Khantwal CMChandra M , Abraham SJ Sherwin J , Han W Wei , Jiang T Tao , Chavan TS Tanmay S , Cheng RC Ricky C , Elvington SM Shelley M , Liu CW Corey W , Mathews II Irimpan I , Stein RA Richard A , Mchaourab HS Hassane S , Tajkhorshid E Emad , Maduke M Merritt . eLife. 2016 ; 5().

ABSTRACT


CLC secondary active transporters exchange Cl(-) for H(+). Crystal structures have suggested that the conformational change from occluded to outward-facing states is unusually simple, involving only the rotation of a conserved glutamate (Gluex) upon its protonation.
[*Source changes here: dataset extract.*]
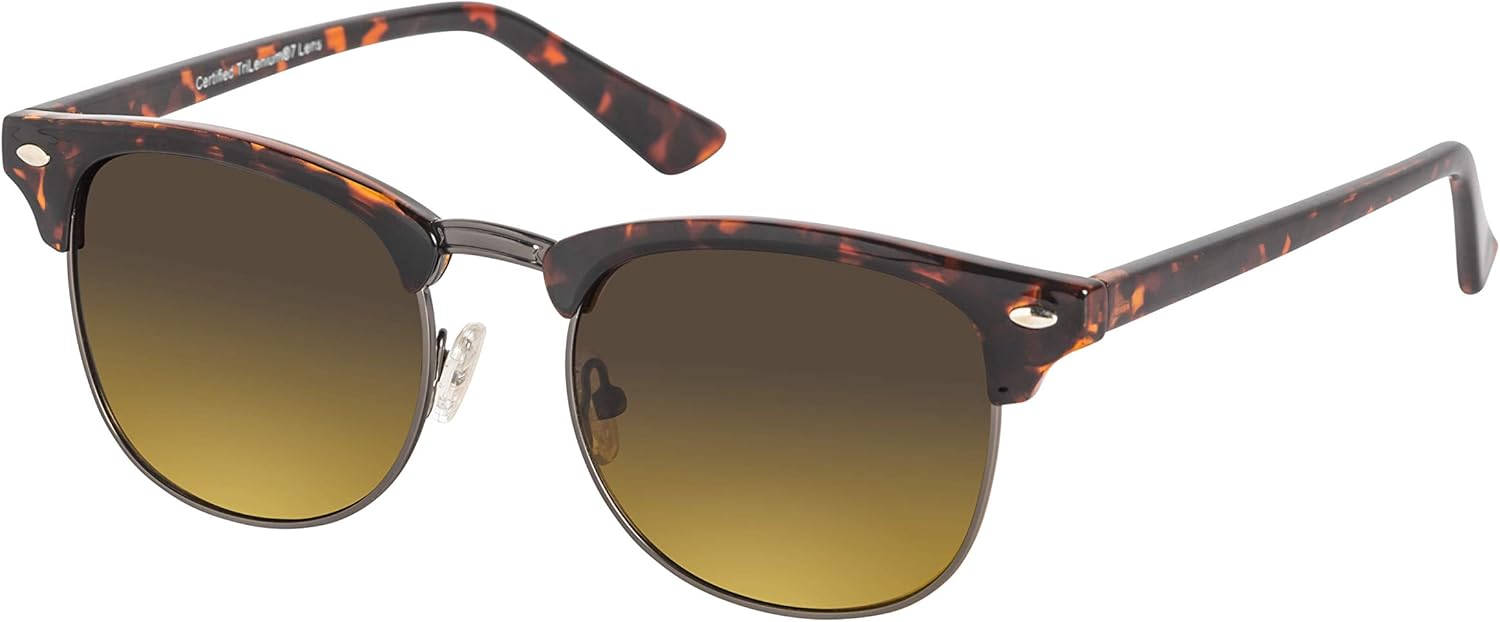 With its sleek, semi-rimless frame, the Palmer is the perfect combination of iconic club and polished intellectual style. But like all Eagle Eyes sunglasses, style is just part of the package. The Palmer’s gradient lenses are made with TriLenium 7 Polarized technology, developed from original NASA optic technology to block scattered blue light and 99.9% of the sun’s harmful UV rays. The subtle but defined brow-line of the lightweight Grilamid TR-90 frames are available in deep, shiny black or rich, dark tortoiseshell. The dark metal nose is equipped with adjustable silicone nose grips for comfort, and the Palmer’s 2x Scratch-Guard oleophobic (smudge-proof) and hydrophobic (water-repellant) coatings mean these glasses will stay put, stay comfortable, and stay stylish—no matter what you’re doing. For other semi-rimless options, check out the gunmetal Tate or the oversized Blair … or explore our other club-style frames. Order the Palmer directly from Eagle Eyes and receive a microfiber soft cleaning case and a zippered hard case to keep your favorite new glasses in perfect condition.

Using (19)F NMR, we show that as [H(+)] is increased to protonate Gluex and enrich the outward-facing state, a residue ~20 Å away from Gluex, near the subunit interface, moves from buried to solvent-exposed. Consistent with functional relevance of this motion, constriction via inter-subunit cross-linking reduces transport. Molecular dynamics simulations indicate that the cross-link dampens extracellular gate-opening motions. In support of this model, mutations that decrease steric contact between Helix N (part of the extracellular gate) and Helix P (at the subunit interface) remove the inhibitory effect of the cross-link. Together, these results demonstrate the formation of a previously uncharacterized 'outward-facing open' state, and highlight the relevance of global structural changes in CLC function.